-- Study material --
--- START ---
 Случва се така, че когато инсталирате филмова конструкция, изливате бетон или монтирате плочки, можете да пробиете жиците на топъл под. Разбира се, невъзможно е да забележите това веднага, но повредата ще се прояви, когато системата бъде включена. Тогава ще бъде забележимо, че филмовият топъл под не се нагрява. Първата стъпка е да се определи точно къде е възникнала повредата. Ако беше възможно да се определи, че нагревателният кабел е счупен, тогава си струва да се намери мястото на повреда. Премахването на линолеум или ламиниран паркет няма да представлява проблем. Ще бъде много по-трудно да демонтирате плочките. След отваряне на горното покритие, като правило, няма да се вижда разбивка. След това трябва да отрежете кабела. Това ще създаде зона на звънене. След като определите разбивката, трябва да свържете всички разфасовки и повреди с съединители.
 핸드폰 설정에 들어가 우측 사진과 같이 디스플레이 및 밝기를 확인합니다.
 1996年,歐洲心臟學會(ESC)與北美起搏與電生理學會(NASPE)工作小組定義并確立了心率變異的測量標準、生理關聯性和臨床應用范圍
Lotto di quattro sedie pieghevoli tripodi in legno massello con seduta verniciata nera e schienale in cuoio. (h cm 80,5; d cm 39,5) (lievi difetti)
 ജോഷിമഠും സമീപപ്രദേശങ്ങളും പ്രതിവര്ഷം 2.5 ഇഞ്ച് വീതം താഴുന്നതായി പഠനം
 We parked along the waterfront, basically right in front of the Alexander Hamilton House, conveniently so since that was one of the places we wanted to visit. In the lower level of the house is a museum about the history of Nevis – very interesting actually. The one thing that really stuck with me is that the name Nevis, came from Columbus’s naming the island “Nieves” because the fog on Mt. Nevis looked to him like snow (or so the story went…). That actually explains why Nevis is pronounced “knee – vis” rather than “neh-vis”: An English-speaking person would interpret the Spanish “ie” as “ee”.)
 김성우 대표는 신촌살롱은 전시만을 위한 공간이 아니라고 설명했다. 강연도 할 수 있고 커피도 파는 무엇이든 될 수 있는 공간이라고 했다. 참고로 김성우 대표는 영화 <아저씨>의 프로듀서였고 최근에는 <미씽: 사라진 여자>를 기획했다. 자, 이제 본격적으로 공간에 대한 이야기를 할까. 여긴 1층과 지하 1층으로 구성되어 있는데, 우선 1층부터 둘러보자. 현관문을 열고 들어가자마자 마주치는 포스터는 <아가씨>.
--- END ---
--- START ---
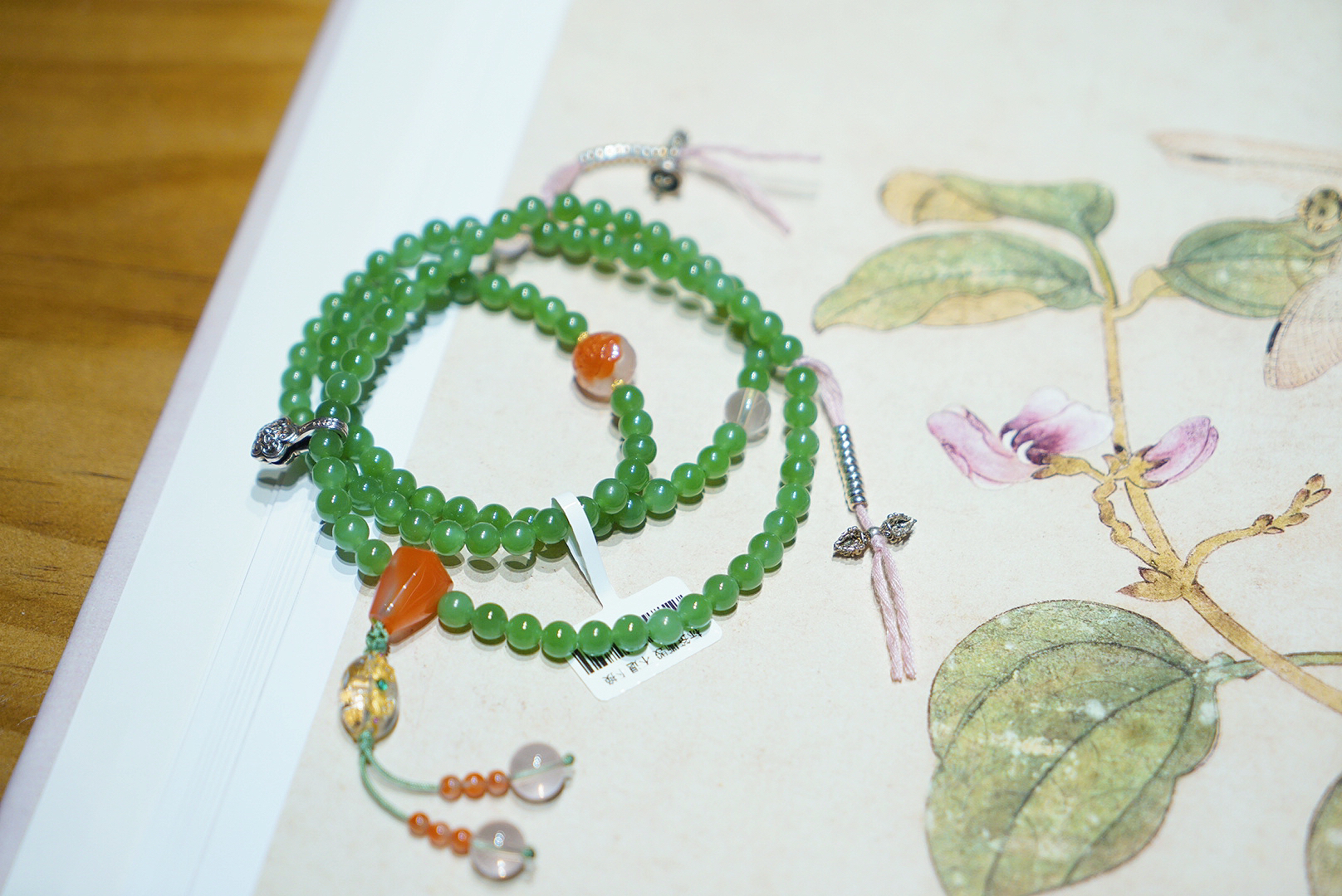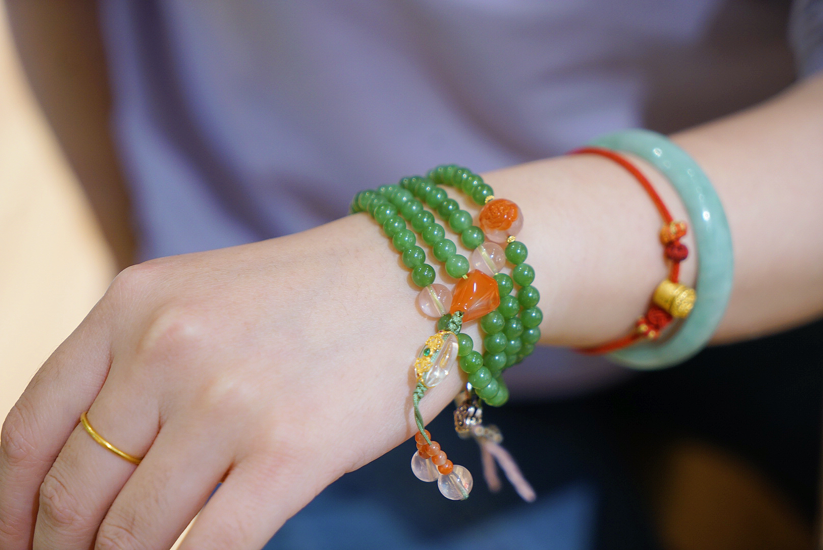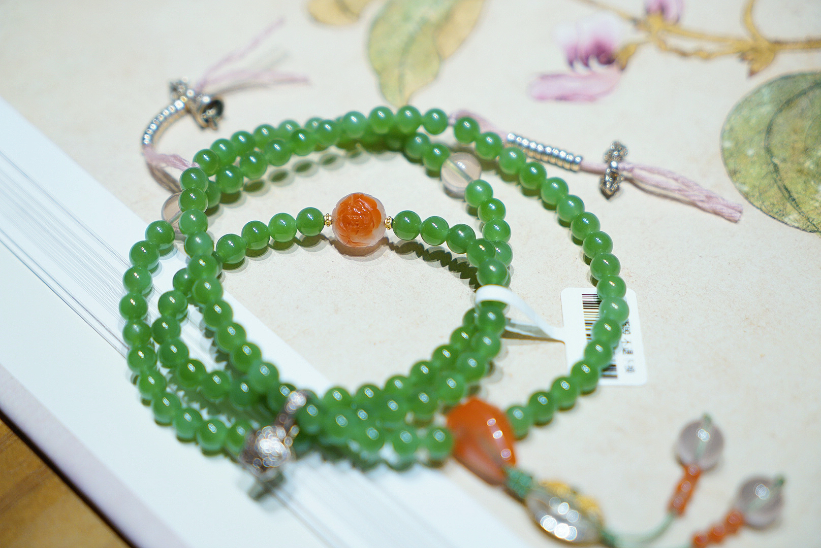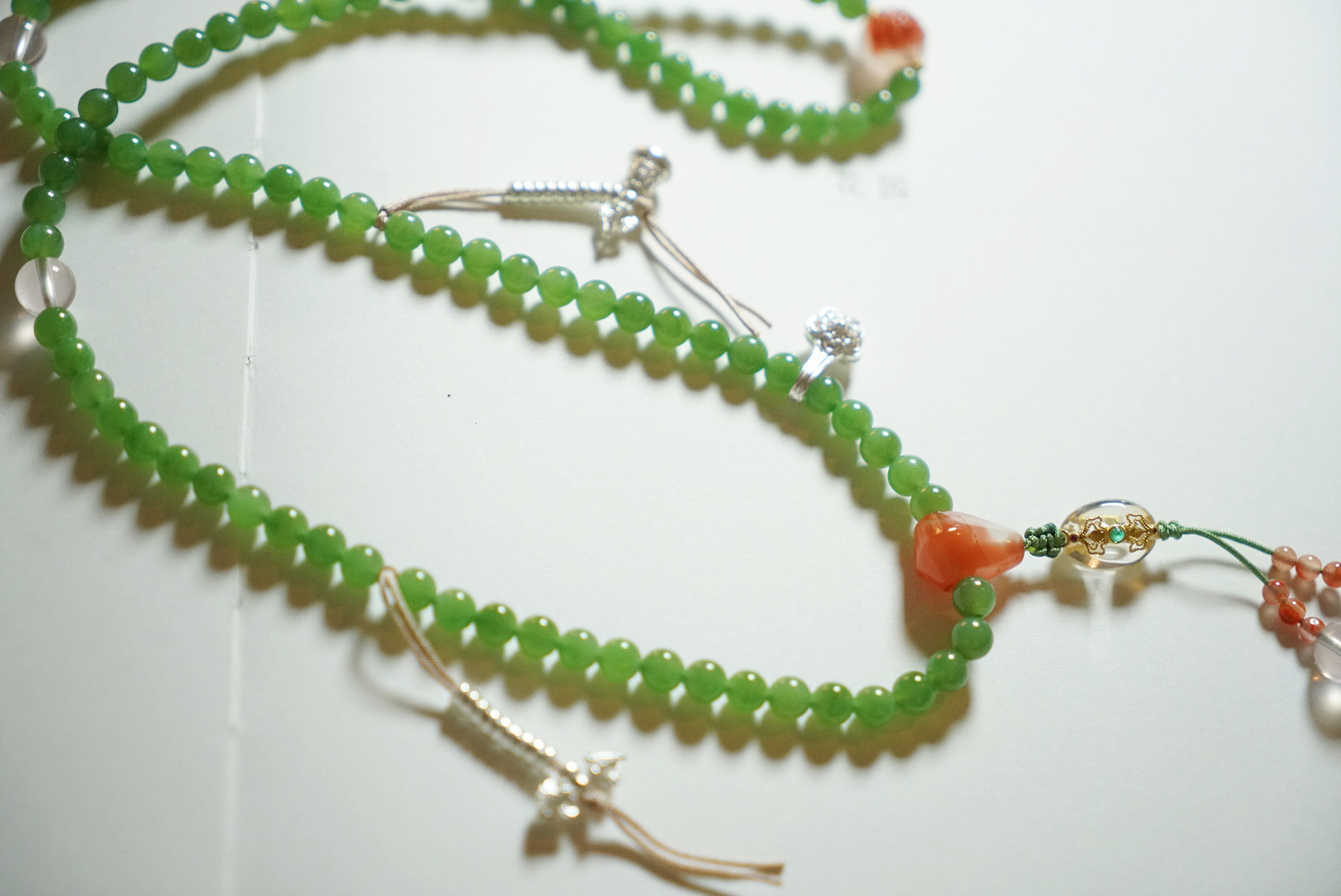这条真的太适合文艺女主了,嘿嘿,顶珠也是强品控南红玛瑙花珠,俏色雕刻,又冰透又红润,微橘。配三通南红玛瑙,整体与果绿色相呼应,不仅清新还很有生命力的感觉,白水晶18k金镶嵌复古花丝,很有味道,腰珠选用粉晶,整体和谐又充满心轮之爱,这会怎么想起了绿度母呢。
--- END ---
-- Instructions to follow --
Retype exactly, and only, the lines above from the one where "핸드폰 설정에 들어가 우측 사진과 같이 디스플레이 및 밝기를 확인합니다." occurs up to and including the one where "김성우 대표는 신촌살롱은" occurs.

-- Answer area --
 핸드폰 설정에 들어가 우측 사진과 같이 디스플레이 및 밝기를 확인합니다.
 1996年,歐洲心臟學會(ESC)與北美起搏與電生理學會(NASPE)工作小組定義并確立了心率變異的測量標準、生理關聯性和臨床應用范圍
Lotto di quattro sedie pieghevoli tripodi in legno massello con seduta verniciata nera e schienale in cuoio. (h cm 80,5; d cm 39,5) (lievi difetti)
 ജോഷിമഠും സമീപപ്രദേശങ്ങളും പ്രതിവര്ഷം 2.5 ഇഞ്ച് വീതം താഴുന്നതായി പഠനം
 We parked along the waterfront, basically right in front of the Alexander Hamilton House, conveniently so since that was one of the places we wanted to visit. In the lower level of the house is a museum about the history of Nevis – very interesting actually. The one thing that really stuck with me is that the name Nevis, came from Columbus’s naming the island “Nieves” because the fog on Mt. Nevis looked to him like snow (or so the story went…). That actually explains why Nevis is pronounced “knee – vis” rather than “neh-vis”: An English-speaking person would interpret the Spanish “ie” as “ee”.)
 김성우 대표는 신촌살롱은 전시만을 위한 공간이 아니라고 설명했다. 강연도 할 수 있고 커피도 파는 무엇이든 될 수 있는 공간이라고 했다. 참고로 김성우 대표는 영화 <아저씨>의 프로듀서였고 최근에는 <미씽: 사라진 여자>를 기획했다. 자, 이제 본격적으로 공간에 대한 이야기를 할까. 여긴 1층과 지하 1층으로 구성되어 있는데, 우선 1층부터 둘러보자. 현관문을 열고 들어가자마자 마주치는 포스터는 <아가씨>.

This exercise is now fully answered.